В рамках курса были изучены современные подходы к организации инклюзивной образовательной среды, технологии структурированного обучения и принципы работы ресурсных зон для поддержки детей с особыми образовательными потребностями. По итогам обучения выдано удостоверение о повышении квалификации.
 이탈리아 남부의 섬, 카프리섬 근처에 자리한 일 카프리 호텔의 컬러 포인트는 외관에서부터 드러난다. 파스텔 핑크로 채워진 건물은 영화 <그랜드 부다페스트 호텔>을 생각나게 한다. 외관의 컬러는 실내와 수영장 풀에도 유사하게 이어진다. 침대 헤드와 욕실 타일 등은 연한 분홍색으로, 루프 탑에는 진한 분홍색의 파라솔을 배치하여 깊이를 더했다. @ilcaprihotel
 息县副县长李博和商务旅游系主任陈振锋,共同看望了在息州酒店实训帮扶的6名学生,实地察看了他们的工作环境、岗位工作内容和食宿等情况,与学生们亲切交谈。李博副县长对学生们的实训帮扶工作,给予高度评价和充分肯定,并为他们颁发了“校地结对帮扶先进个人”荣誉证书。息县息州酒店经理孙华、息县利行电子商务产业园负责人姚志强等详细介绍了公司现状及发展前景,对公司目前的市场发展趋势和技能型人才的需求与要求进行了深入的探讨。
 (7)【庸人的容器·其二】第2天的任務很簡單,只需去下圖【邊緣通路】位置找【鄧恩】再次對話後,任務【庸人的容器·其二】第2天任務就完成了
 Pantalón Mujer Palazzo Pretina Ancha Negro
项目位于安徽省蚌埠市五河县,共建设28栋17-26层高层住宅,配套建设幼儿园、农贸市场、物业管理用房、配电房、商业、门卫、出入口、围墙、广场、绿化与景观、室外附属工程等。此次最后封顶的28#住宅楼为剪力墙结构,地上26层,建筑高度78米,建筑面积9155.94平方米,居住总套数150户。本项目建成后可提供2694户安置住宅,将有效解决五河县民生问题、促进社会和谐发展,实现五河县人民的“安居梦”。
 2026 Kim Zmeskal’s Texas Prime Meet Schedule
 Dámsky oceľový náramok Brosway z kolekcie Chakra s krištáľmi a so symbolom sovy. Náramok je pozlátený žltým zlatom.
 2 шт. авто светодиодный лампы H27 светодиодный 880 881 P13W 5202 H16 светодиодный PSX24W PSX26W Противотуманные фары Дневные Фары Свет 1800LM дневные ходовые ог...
---
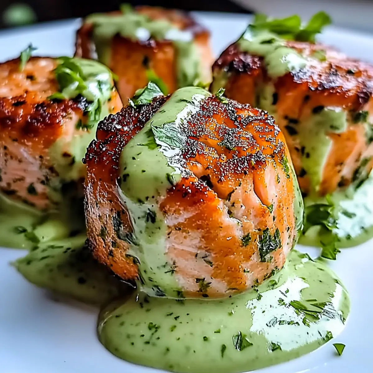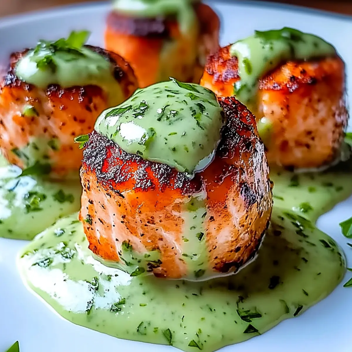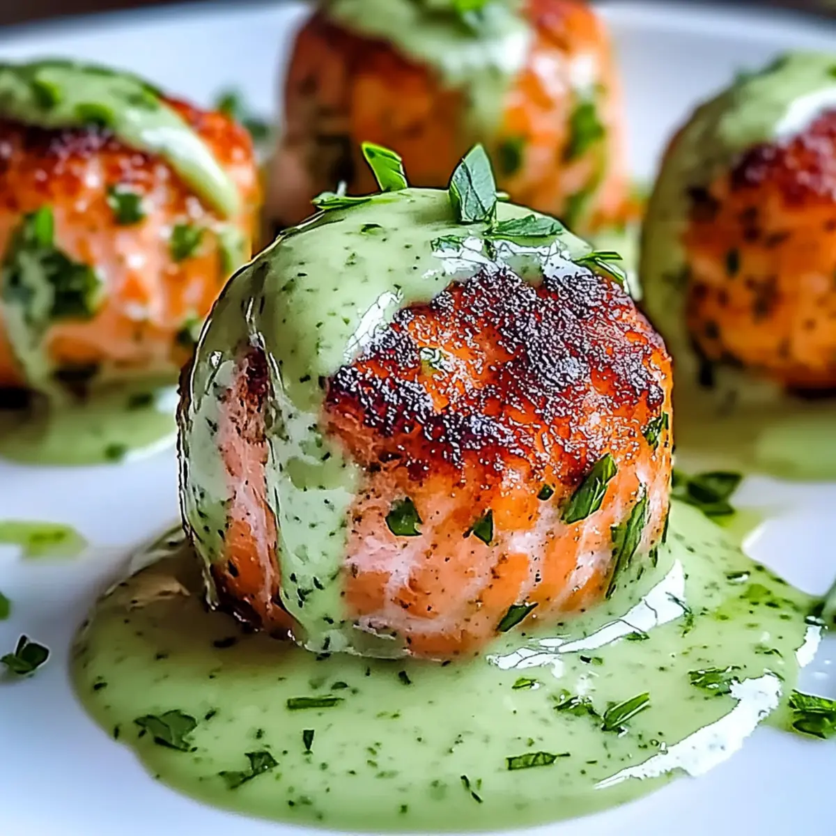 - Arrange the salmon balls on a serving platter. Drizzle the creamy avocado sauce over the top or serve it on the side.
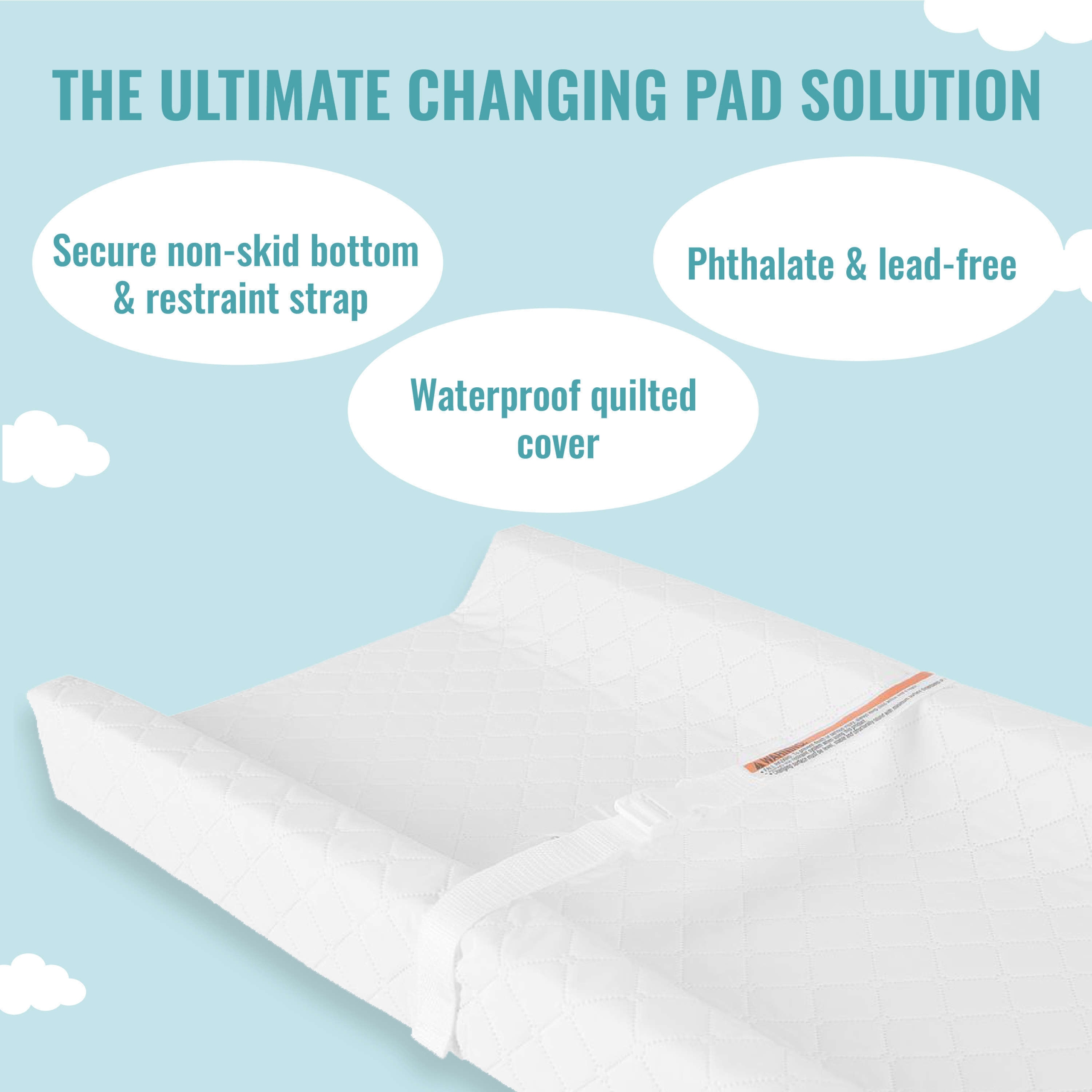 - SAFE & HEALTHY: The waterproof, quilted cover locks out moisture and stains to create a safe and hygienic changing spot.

▶ **Exercise brief**: Of the lines above, quote exactly those from the one with "- Arrange the" through the one with "- SAFE & HEALTHY: The", ends included; pictures stay out.

▶ **Response**:
 - Arrange the salmon balls on a serving platter. Drizzle the creamy avocado sauce over the top or serve it on the side.
 - SAFE & HEALTHY: The waterproof, quilted cover locks out moisture and stains to create a safe and hygienic changing spot.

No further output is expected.